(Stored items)

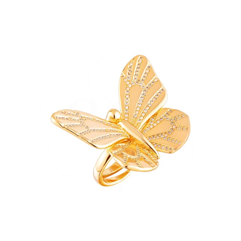 Anel ajustável banho de ouro no formato de borboleta com micro zircônias cravejadas na cor branco (cristal).
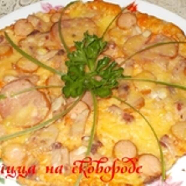 Раскатать тесто и положить на сковороду ,смазанную растительным маслом ,положить майонез и кетчуп -затем положить сосиски и колбасу, посыпать сыром , закрыть крышкой сковороду
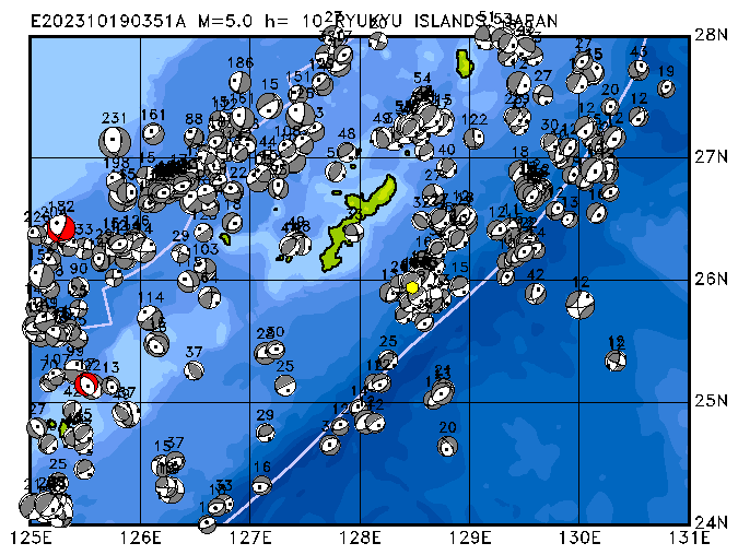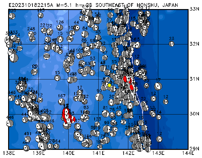 018 SOUTHEAST OF HONSHU, JAPAN PDEW h= 10 M=5.0 E202310021418A
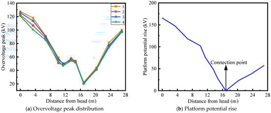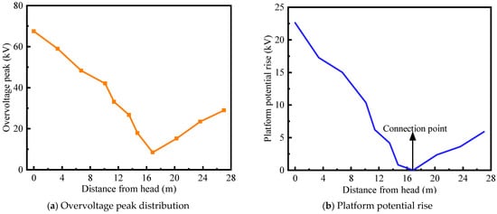 As shown in Figure 10a, under different combinations of triggering voltages and discharge time constants, the overvoltage peak levels between the low-voltage busbar and the high-potential platform exhibit little variation as long as the spark gap is triggered. The lowest overvoltage peak appears at 16.25 m from the beginning of the busbar, which corresponds to the equipotential connection point between the low-voltage busbar and the high-potential platform. In contrast, the overvoltage levels at both ends of the busbar, farther from the equipotential point, are higher. As shown in Figure 10b, the overvoltage level is highest at the beginning of the busbar. This is because, at the instant of spark gap triggering, a strong transient current flows through the nearby region of the high-potential platform, resulting in a significant rise in the platform potential.
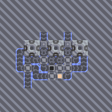 Compact three Silicon Smelter setup.Two top inputs: coal and sand.Sorters pull only the required inputs into the factories; any unwanted items pass straight through the main line and exit mixed with the output.
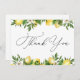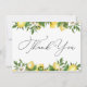 Thank You card features a border of watercolor lemons and greenery. Personalize with your information or click "Click to customize further" to edit font styles, size and colors. Can also be personalized on the back with your own typed message or delete this space to handwrite your own thank you.
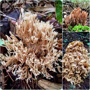 ホウキタケのなかまとハナビラタケ(?) 種類も、食べられるかどうかも不明💦💦 左:ハナホウキタケ⁇ 30cm程度の株です 右上:ホウキタケのなかま⁇ 右下:ハナビラタケ⁇ 30cm以上の大きさです😅
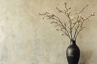 Een prachtig kunstwerk dat een minimalistische sfeer uitstraalt. Een hoge, donkere vaas met delicate bloesemtakken staat centraal tegen een rustige, neutrale achtergrond. De harmonie van natuurlijke tinten maakt dit ontwerp een ideale keuze voor moderne en serene interieurs. Perfect voor liefhebbers van eenvoud en schoonheid, dit kunstwerk brengt rust en stijl in elke ruimte.
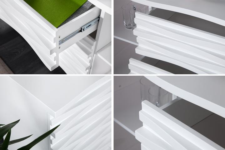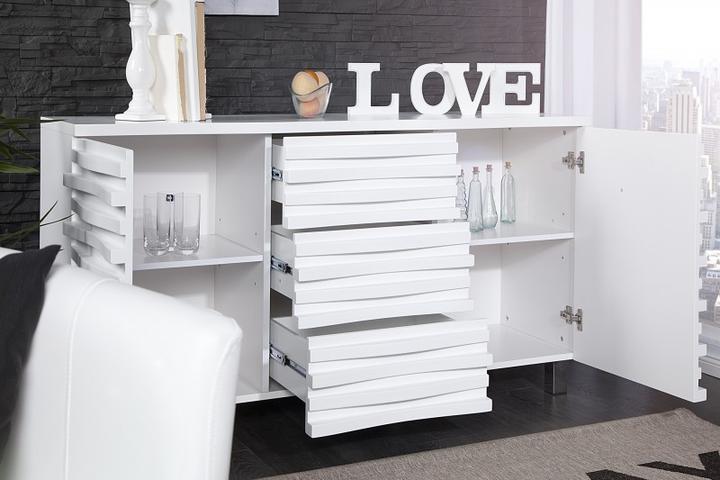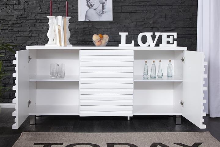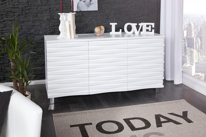 Krásná komoda Wave se dvěma dvířky a třemi zásuvkami poskytuje dostatek úložného prostoru. Zajímavý design dvířek je tvořen nerovnoměrně uspořádanými lištami. Tento design vás určitě upoutá. Komodu můžete využít i jako TV stolek. Hmotnost 80kg z kva…
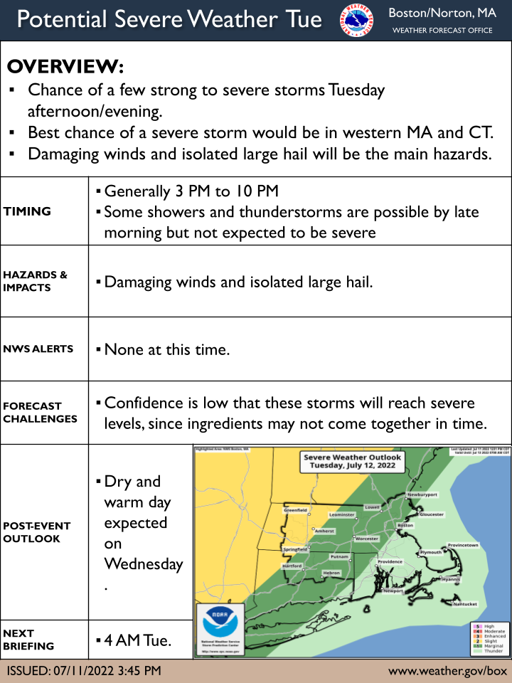 [2022.07.11 PM] NWS Boston EM Briefing: Strong to Severe Storms Possible Tuesday

# GOAL OF THE EXERCISE
Retype the whole of the data verbatim. Skip every picture.

# PROBLEM SOLUTION
 Anel ajustável banho de ouro no formato de borboleta com micro zircônias cravejadas na cor branco (cristal).
 Раскатать тесто и положить на сковороду ,смазанную растительным маслом ,положить майонез и кетчуп -затем положить сосиски и колбасу, посыпать сыром , закрыть крышкой сковороду
 018 SOUTHEAST OF HONSHU, JAPAN PDEW h= 10 M=5.0 E202310021418A
 As shown in Figure 10a, under different combinations of triggering voltages and discharge time constants, the overvoltage peak levels between the low-voltage busbar and the high-potential platform exhibit little variation as long as the spark gap is triggered. The lowest overvoltage peak appears at 16.25 m from the beginning of the busbar, which corresponds to the equipotential connection point between the low-voltage busbar and the high-potential platform. In contrast, the overvoltage levels at both ends of the busbar, farther from the equipotential point, are higher. As shown in Figure 10b, the overvoltage level is highest at the beginning of the busbar. This is because, at the instant of spark gap triggering, a strong transient current flows through the nearby region of the high-potential platform, resulting in a significant rise in the platform potential.
 Compact three Silicon Smelter setup.Two top inputs: coal and sand.Sorters pull only the required inputs into the factories; any unwanted items pass straight through the main line and exit mixed with the output.
 Thank You card features a border of watercolor lemons and greenery. Personalize with your information or click "Click to customize further" to edit font styles, size and colors. Can also be personalized on the back with your own typed message or delete this space to handwrite your own thank you.
 ホウキタケのなかまとハナビラタケ(?) 種類も、食べられるかどうかも不明💦💦 左:ハナホウキタケ⁇ 30cm程度の株です 右上:ホウキタケのなかま⁇ 右下:ハナビラタケ⁇ 30cm以上の大きさです😅
 Een prachtig kunstwerk dat een minimalistische sfeer uitstraalt. Een hoge, donkere vaas met delicate bloesemtakken staat centraal tegen een rustige, neutrale achtergrond. De harmonie van natuurlijke tinten maakt dit ontwerp een ideale keuze voor moderne en serene interieurs. Perfect voor liefhebbers van eenvoud en schoonheid, dit kunstwerk brengt rust en stijl in elke ruimte.
 Krásná komoda Wave se dvěma dvířky a třemi zásuvkami poskytuje dostatek úložného prostoru. Zajímavý design dvířek je tvořen nerovnoměrně uspořádanými lištami. Tento design vás určitě upoutá. Komodu můžete využít i jako TV stolek. Hmotnost 80kg z kva…
 [2022.07.11 PM] NWS Boston EM Briefing: Strong to Severe Storms Possible Tuesday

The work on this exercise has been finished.